#### [Exercise prompt]
Excluding pictures, retype the line with "Businessman Holding Tablet" and each line that follows it to the end of the data below, word for word.

#### [Data block]
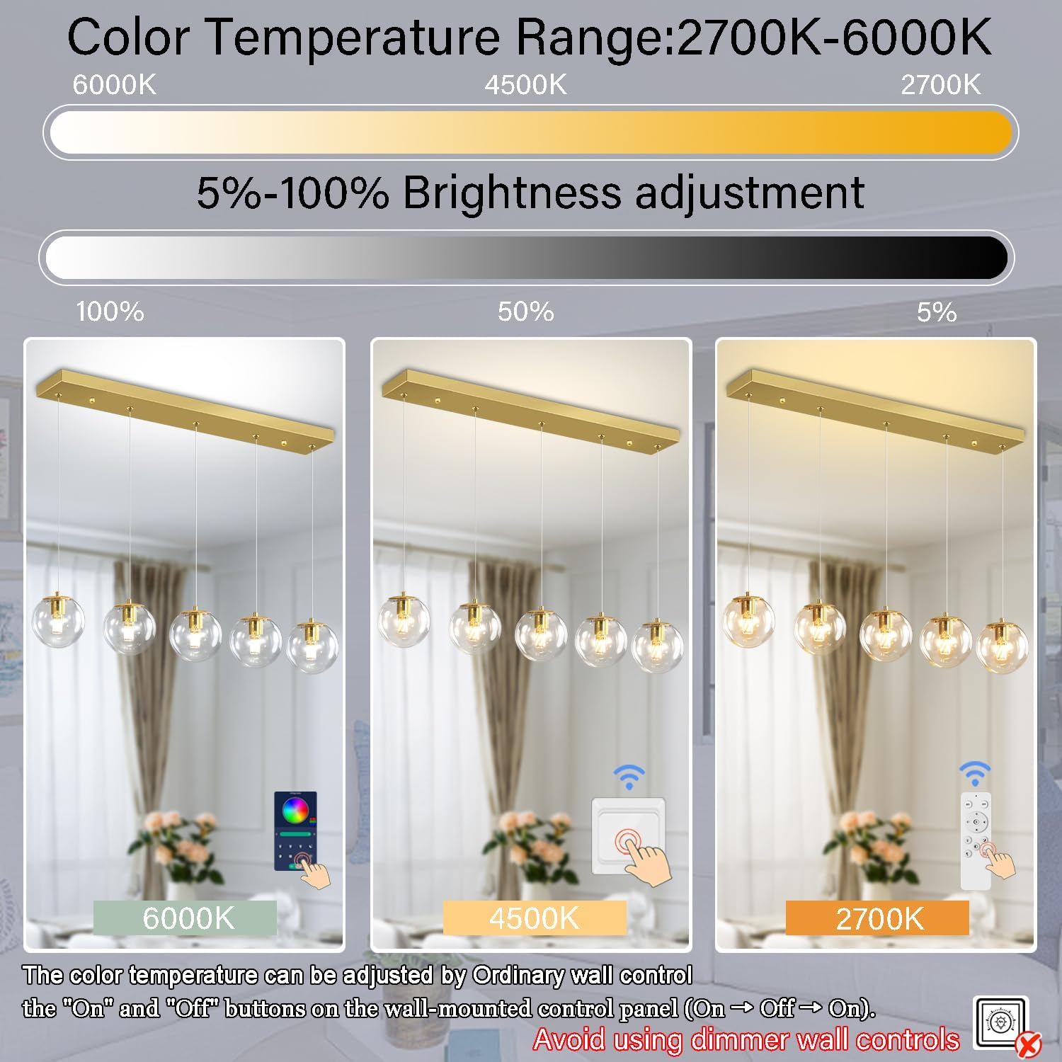 - 【Smart LED Chandelier 】It is equipped with a remote control and APP control for seamless dimming between warm white (2700K) and cold white (6000K), as well as adjustable brightness ranging from 5 to 100 percent.
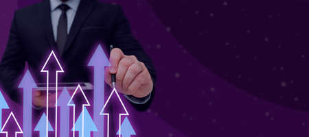 Businessman Holding Tablet And Pen Which Points On Arrows Up And Presenting Crutial Ideas. Man In Suit Having Cellphone And Pencil In Hand To Show Important Informations.
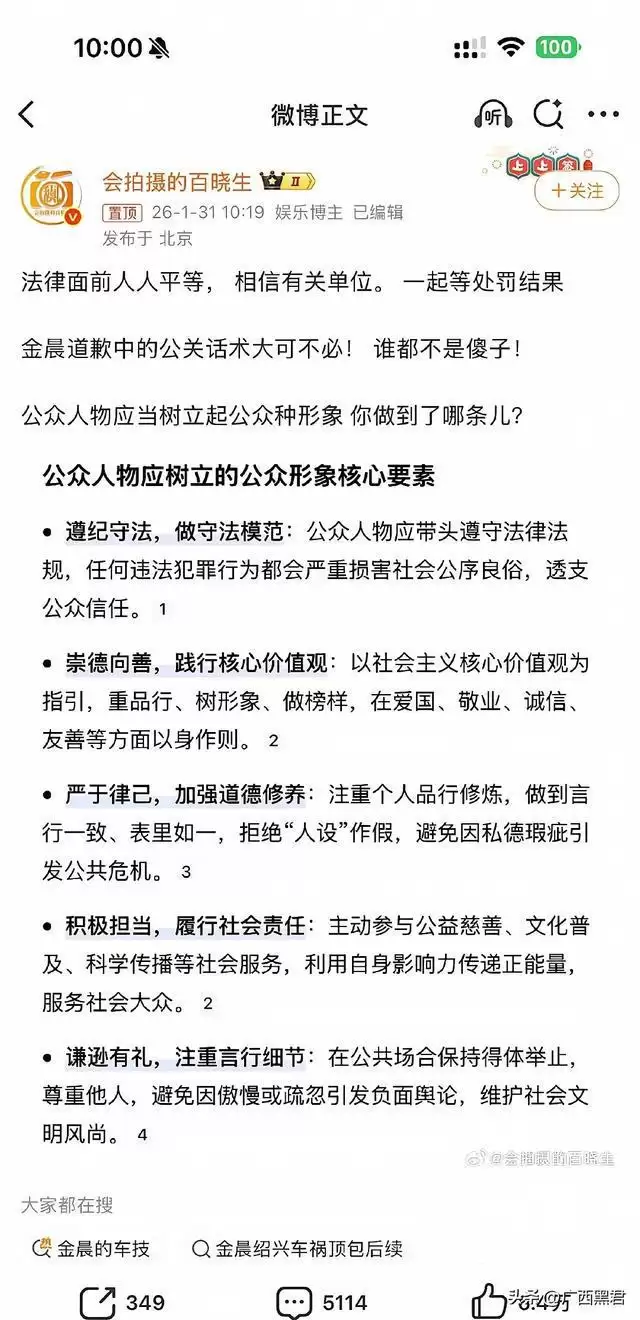 金晨作为公众人物,此前还曾通过赛车类综艺塑造过懂规则、守规矩的正面人设,此次的肇事顶包风波,让其精心打造的人设彻底崩塌,也让公众对其产生了信任危机。公众人物的影响力建立在以身作则的基础上,享受着名气带来的各种红利,就更应该承担起相应的社会责任,在言行举止上严格要求自己,遵守法律法规和社会公序良俗。一旦触碰规则的红线,即便有道歉和澄清,也难以挽回公众的信任。

#### [Final answer]
 Businessman Holding Tablet And Pen Which Points On Arrows Up And Presenting Crutial Ideas. Man In Suit Having Cellphone And Pencil In Hand To Show Important Informations.
 金晨作为公众人物,此前还曾通过赛车类综艺塑造过懂规则、守规矩的正面人设,此次的肇事顶包风波,让其精心打造的人设彻底崩塌,也让公众对其产生了信任危机。公众人物的影响力建立在以身作则的基础上,享受着名气带来的各种红利,就更应该承担起相应的社会责任,在言行举止上严格要求自己,遵守法律法规和社会公序良俗。一旦触碰规则的红线,即便有道歉和澄清,也难以挽回公众的信任。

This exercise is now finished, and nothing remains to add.